My final project for the Hackwagon DS102 Data Science course. It is a notebook on predicting historical stock prices based on machine learning, and comprises 3 main sections.
1) Prediction using sentiment analysis on news articles and tweets
I utilized Selenium for Python to scrape web articles from financial news sites such as CNBC, Financial Times etc. and the Twitter API for collecting tweets relating to a stock's ticker symbol. After aggregating this data, I used the NLP library NLTK for preprocessing and VADER for sentiment analysis.
2) Prediction using technical indicators and machine learning algorithms
Explored predicting APPL stock prices using the simple moving average and exponential moving average indicators, as well as the ARIMA RNN, evaluating their performance against the target price with root mean squared error (RMSE).

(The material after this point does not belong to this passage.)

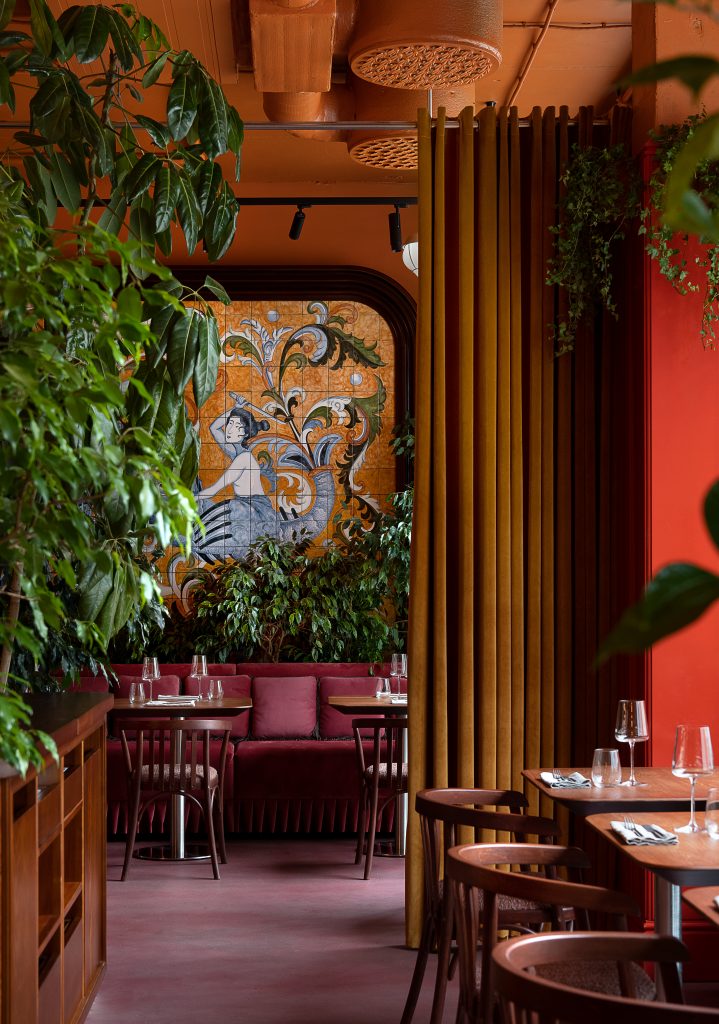 А вот интерьер Rakushka заслуживает отдельного внимания. Это своеобразный микс портового декаданса и уличного искусства: граффити на кирпичной кладке, морская тематика без прямолинейных маяков и якорей, а еще стеклянные люстры, которые висят прямо под перевернутой лодкой с надписью «Маруся». Мебель тоже собрана эклектично: строгие деревянные столы, винтажные стулья и диваны, обитые мягким бархатом, живут на фоне стен, где штукатурка нарочно облупилась, обнажив кирпич. Все это вместе создает ощущение живого, сложносоставного интерьера. В общем без контента для соцсетей не уйдешь, это мы тебе гарантируем.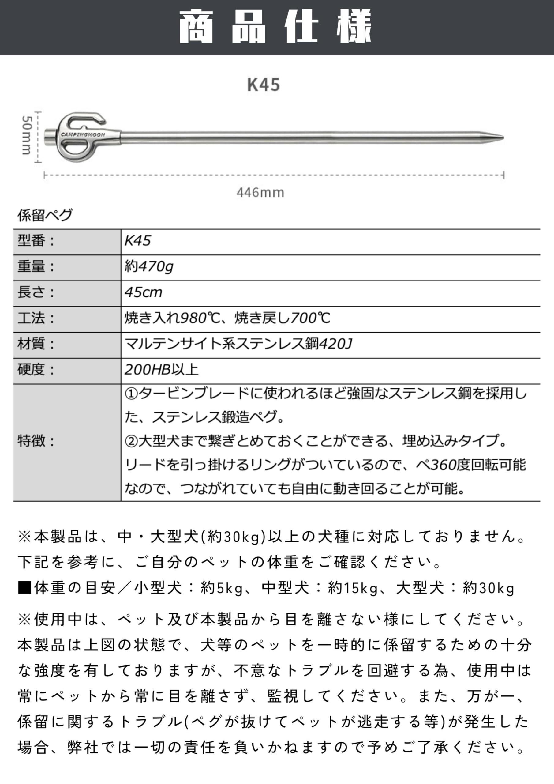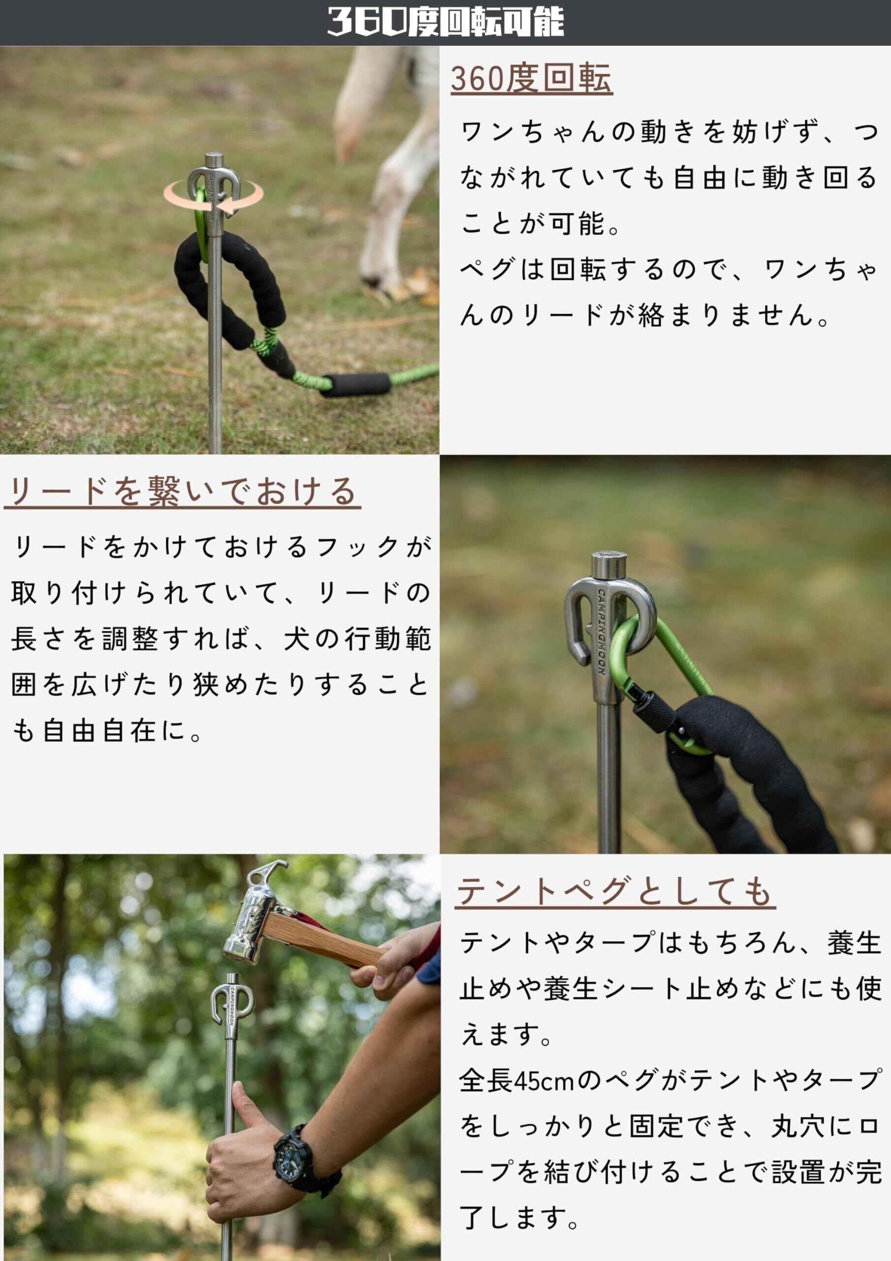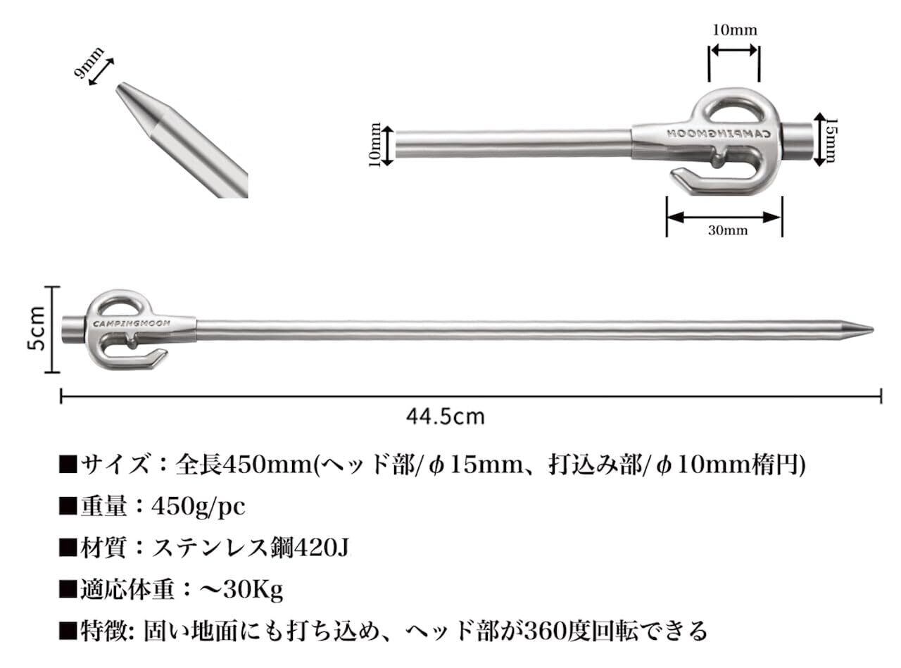 キャンピングムーン(CAMPING MOON) 係留用ポール 係留用ペグ ペット 大型犬用 ステンレス鋼420製 K45N 45cm 固い地面にも打ち込める 360度回転

3) Simulated investing using a reinforcement learning model
Trained a reinforcement learning agent to trade 3 different stocks with Q-learning, with the aim of maximizing returns over many iterations on the train set. A group of agents were then tested against a holdout validation set, where most were successful in reaping profits, with the mean profitability being 25% over 3 years.
Conclusion: Machine learning (and deep sequential models especially) are highly applicable for use in financial trading, which is why they have been ubiquitously adopted by hedge funds and financial insitutions around the globe. However, for the everyman with limited budget and compute, it is still best to exercise caution when utilizing these algorithms. Although most agents were successful during evaluation, there were still a few that lost money or had earnings below the annual rate of inflation.